Open AI has taken a step towards doing this in the GPT-4 model by demonstrating its ability to answer thousands of multiple-choice questions with high accuracy across
26 languages, from Italian to Arabic to Turkish, and trained in 5 local Indian languages.
This initial test of language abilities is promising but far from fully supportive of multilingual abilities, as the test criteria have been translated from English for the model to understand, and the multiple choice questions cannot be compared to normal speech. But this step is important in the GPT-4 model because it means it may be friendlier with non-English speakers.

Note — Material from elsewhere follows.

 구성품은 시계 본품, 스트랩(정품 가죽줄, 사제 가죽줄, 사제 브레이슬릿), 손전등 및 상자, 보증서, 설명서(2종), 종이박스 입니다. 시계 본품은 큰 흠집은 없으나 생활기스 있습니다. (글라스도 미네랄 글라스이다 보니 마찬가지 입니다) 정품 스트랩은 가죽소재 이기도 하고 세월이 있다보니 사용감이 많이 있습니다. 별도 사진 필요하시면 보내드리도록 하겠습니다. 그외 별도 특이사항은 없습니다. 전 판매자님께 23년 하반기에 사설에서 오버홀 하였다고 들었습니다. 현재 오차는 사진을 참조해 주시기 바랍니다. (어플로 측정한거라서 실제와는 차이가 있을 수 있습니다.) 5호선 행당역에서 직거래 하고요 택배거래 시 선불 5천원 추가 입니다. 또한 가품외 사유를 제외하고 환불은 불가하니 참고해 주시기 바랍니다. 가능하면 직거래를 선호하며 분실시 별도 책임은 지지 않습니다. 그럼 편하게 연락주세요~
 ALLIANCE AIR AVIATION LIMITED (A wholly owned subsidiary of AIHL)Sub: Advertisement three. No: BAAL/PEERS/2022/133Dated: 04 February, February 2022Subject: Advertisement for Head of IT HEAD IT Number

5- GPT-4 has different personalities:
The concept of (steerability) is one of the interesting concepts in artificial intelligence, as it refers to the ability of the model to change its behavior on demand, and this feature is present in the model (GPT-3.5) and was used to convince the ChatGPT robot to play the role of an empathetic listener, and there are those who used it to convince him to play the role of an evil chat robot.
In the GPT-4 model, the company developed this feature to be more useful, as it will allow the model to adopt different characters, albeit with limitations that the company has included in the system to avoid harmful results.
The company gave an example of this feature is to develop a set of guidelines and guidelines for the new model to become a teacher to a student, so that these guidelines explain the method of education that the model must follow and the process of simplifying information, so that it reaches the level of student perception in an easy and clear way.
The company pointed out that this feature will also allow developers to control the way their services work, which provide smart interaction with users, by setting a list of controls and personality traits of the model on which their services depend and the way they deal with users.